= Ivan Bogorov =

Bulgarian encyclopedist (1818–1892)

Sketch of Ivan Bogorov

Ivan Bogorov (Иван Богоров; 1818 – November 1, 1892) was a Bulgarian encyclopedist from the time of the National Revival. Educated in medicine, he also worked in the spheres of industry, economy, transport, geography, journalism and linguistics.

== Biography ==
He was born in Karlovo in 1818. Bogorov studied at the Phanar Greek Orthodox College in Istanbul, and at 19 he moved to Odessa to study at the Richelieu High School. In 1841, he published the Bulgarian coat of arms from Hristofor Zhefarovich's Stemmatographia (1741). For some time, Bogorov travelled to Bucharest, Svishtov, Veliko Tarnovo, Kazanlak (which he called "Izvornik") and Gabrovo before settling in Stara Zagora ("Veta Zagora"). He promoted education in Bulgarian as opposed to Greek during his journeys. In Stara Zagora, he wrote the first Bulgarian grammar book, which he printed in Bucharest in 1844. He then moved to Leipzig ("Lipiska"), where he issued the first Bulgarian newspaper, Balgarskiy orel (Bulgarian Eagle) in 1846, two years after Konstantin Fotinov's first Bulgarian magazine, Lyuboslovie. Bogorov returned to Istanbul, where he worked for the Tsarigradski Vestnik newspaper, and then moved to Paris to study medicine. After that, Bogorov settled in Plovdiv to work as a doctor. There, he also issued the Journal for Science, Handicrafts and Trade. He participated in the release of several other newspapers, journals and books, and prepared the Academic Bulgarian Dictionary and the first French-Bulgarian (1869) and Bulgarian-French (1871) dictionary. Bogorov also translated Daniel Defoe's Robinson Crusoe into Bulgarian and issued a collection of Bulgarian folk songs (1842). He also authored a book on the geography of the European part of the Ottoman Empire.
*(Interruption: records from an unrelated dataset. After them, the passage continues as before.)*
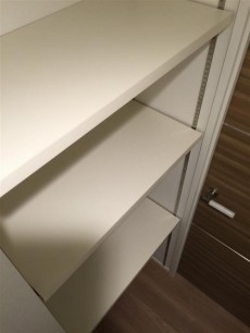 棚板の高さは調節可能なので、掃除機のような大き目の家電でも収納可能です。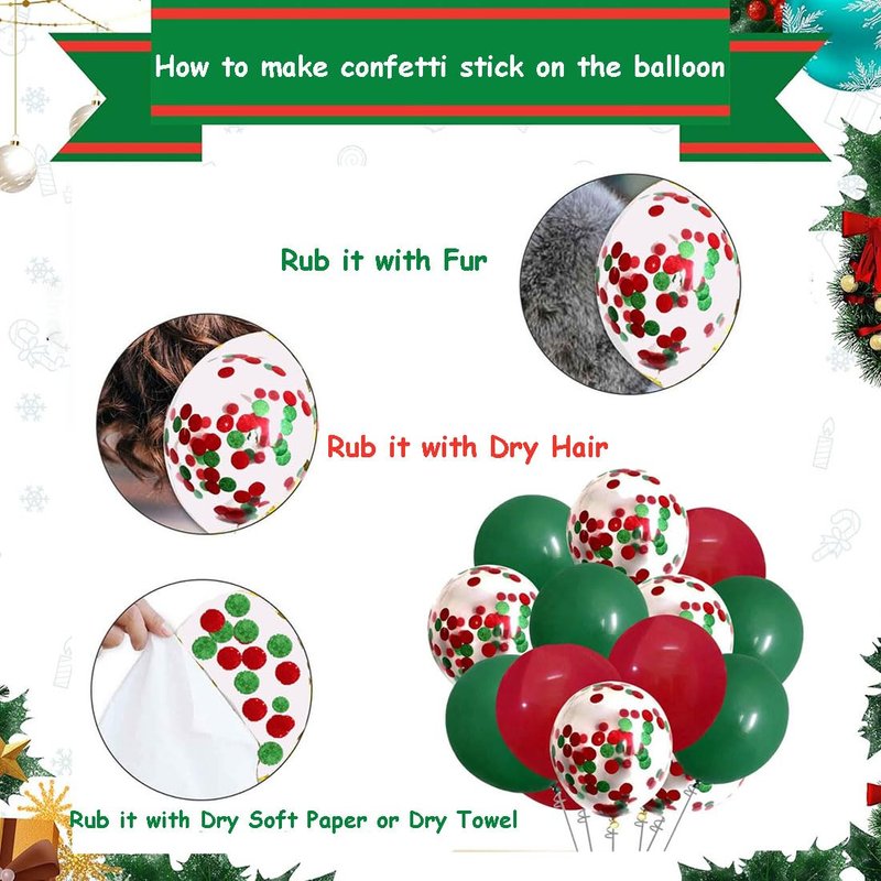 - 【Red and Green Balloons】Each sets contains 20pcs Red Latex Balloons 20pcs Green Latex Balloons and 10pcs Red and Green Confetti Balloons.The right amount quantity and most suitable color for Christmas party decoration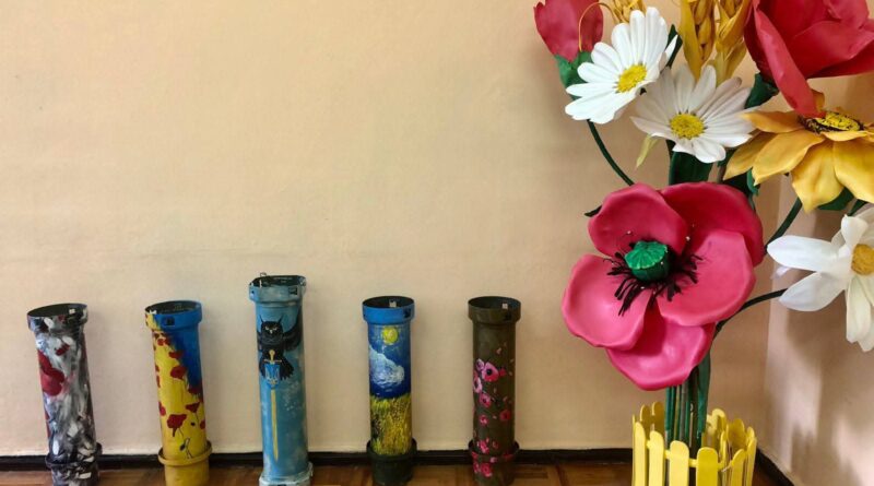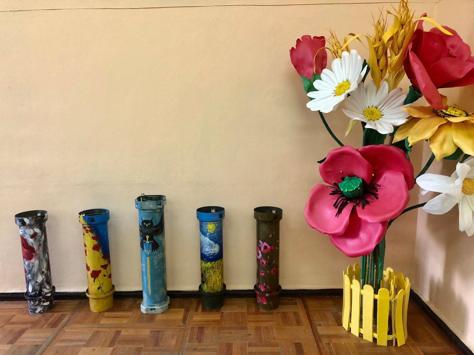 Окрім картин, у виставці представлені також особисті речі захисників із Жовтих Вод і військові артефакти з фондів місцевого музею. А розписані тубуси для оформлення експозиції надала художня студія Люсі Новошевської.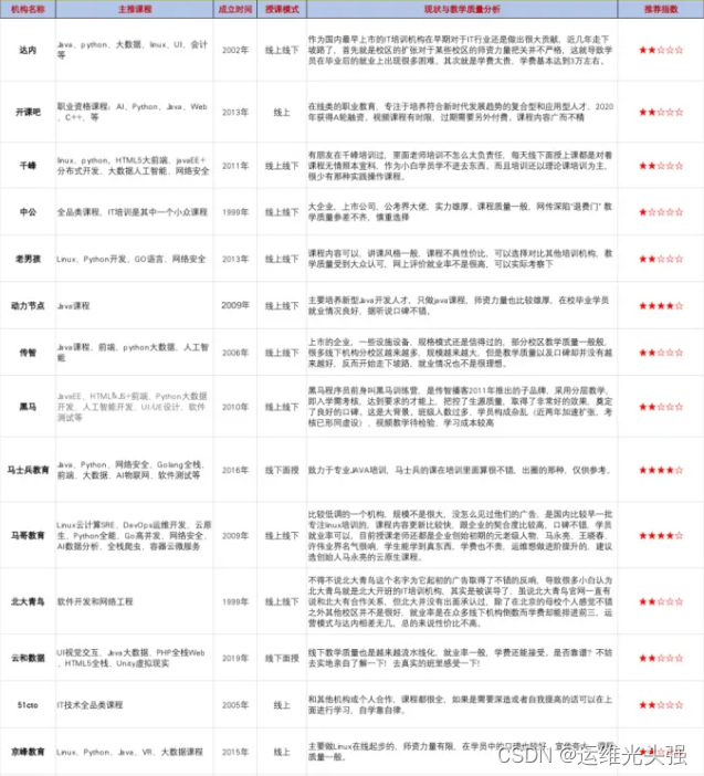 市面上几乎所有机构老师在b站或者51cto等平台都有一些小额免费课,可以找一些资料听一听老师的水平。同时有些机构的老师可能头衔很厉害,某某大学的博士,出版某某书籍等等,但是没有在企业就职过,这些老师也要慎重考虑。
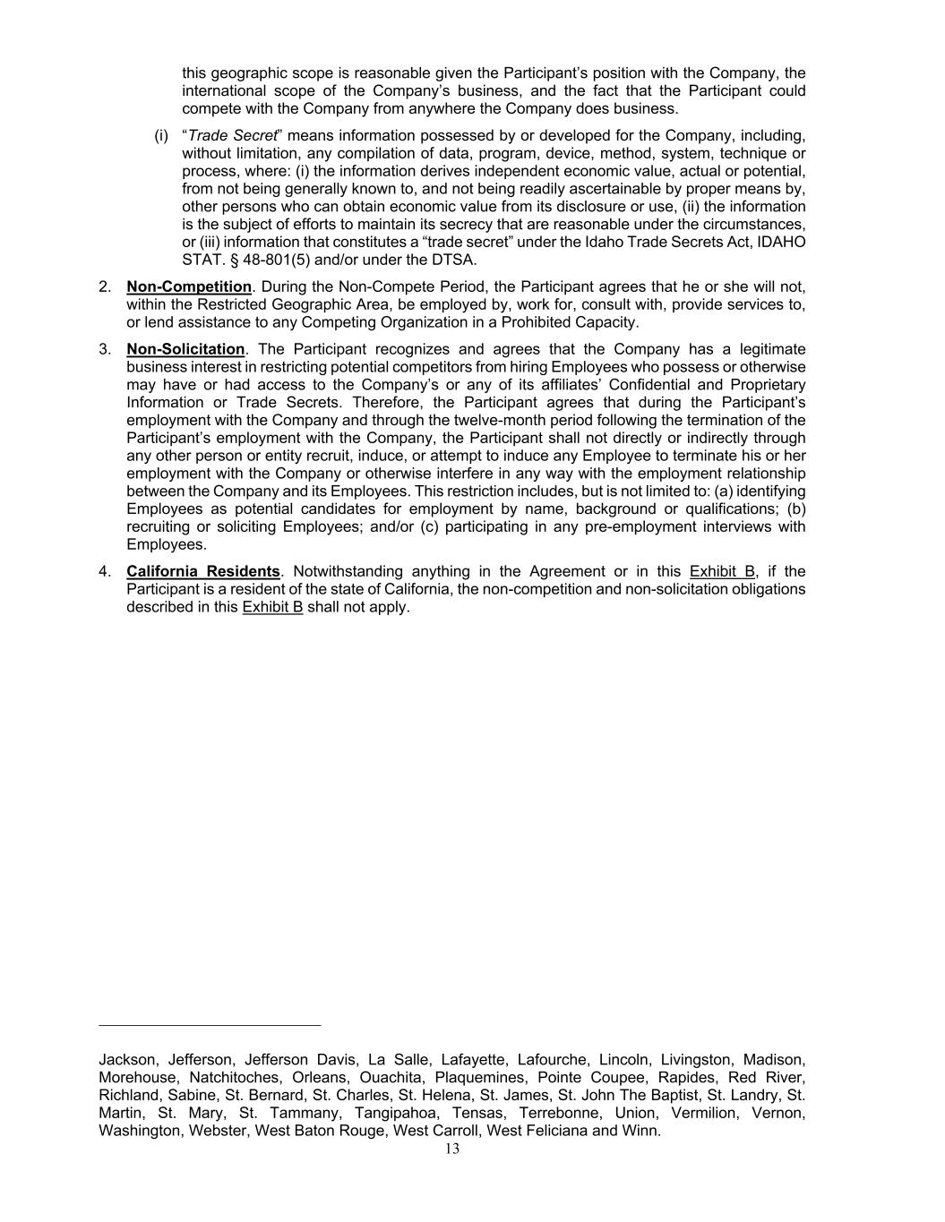 13 this geographic scope is reasonable given the Participant’s position with the Company, the international scope of the Company’s business, and the fact that the Participant could compete with the Company from anywhere the Company does business. (i) “Trade Secret” means information possessed by or developed for the Company, including, without limitation, any compilation of data, program, device, method, system, technique or process, where: (i) the information derives independent economic value, actual or potential, from not being generally known to, and not being readily ascertainable by proper means by, other persons who can obtain economic value from its disclosure or use, (ii) the information is the subject of efforts to maintain its secrecy that are reasonable under the circumstances, or (iii) information that constitutes a “trade secret” under the Idaho Trade Secrets Act, IDAHO STAT. § 48-801(5) and/or under the DTSA. 2. Non-Competition. During the Non-Compete Period, the Participant agrees that he or she will not, within the Restricted Geographic Area, be employed by, work for, consult with, provide services to, or lend assistance to any Competing Organization in a Prohibited Capacity. 3. Non-Solicitation. The Participant recognizes and agrees that the Company has a legitimate business interest in restricting potential competitors from hiring Employees who possess or otherwise may have or had access to the Company’s or any of its affiliates’ Confidential and Proprietary Information or Trade Secrets. Therefore, the Participant agrees that during the Participant’s employment with the Company and through the twelve-month period following the termination of the Participant’s employment with the Company, the Participant shall not directly or indirectly through any other person or entity recruit, induce, or attempt to induce any Employee to terminate his or her employment with the Company or otherwise interfere in any way with the employment relationship between the Company and its Employees. This restriction includes, but is not limited to: (a) identifying Employees as potential candidates for employment by name, background or qualifications; (b) recruiting or soliciting Employees; and/or (c) participating in any pre-employment interviews with Employees. 4. California Residents. Notwithstanding anything in the Agreement or in this Exhibit B, if the Participant is a resident of the state of California, the non-competition and non-solicitation obligations described in this Exhibit B shall not apply. Jackson, Jefferson, Jefferson Davis, La Salle, Lafayette, Lafourche, Lincoln, Livingston, Madison, Morehouse, Natchitoches, Orleans, Ouachita, Plaquemines, Pointe Coupee, Rapides, Red River, Richland, Sabine, St. Bernard, St. Charles, St. Helena, St. James, St. John The Baptist, St. Landry, St. Martin, St. Mary, St. Tammany, Tangipahoa, Tensas, Terrebonne, Union, Vermilion, Vernon, Washington, Webster, West Baton Rouge, West Carroll, West Feliciana and Winn.

Bogorov was known as a passionate defender of linguistic purism, and in his attempts to counter Greek and Russian influence on Bulgarian he introduced a number of rare dialectal words and neologisms to the literary language. Although many of these were considered amusing and funny-sounding by his contemporaries, a large number have successfully become an inseparable part of Bulgarian vocabulary.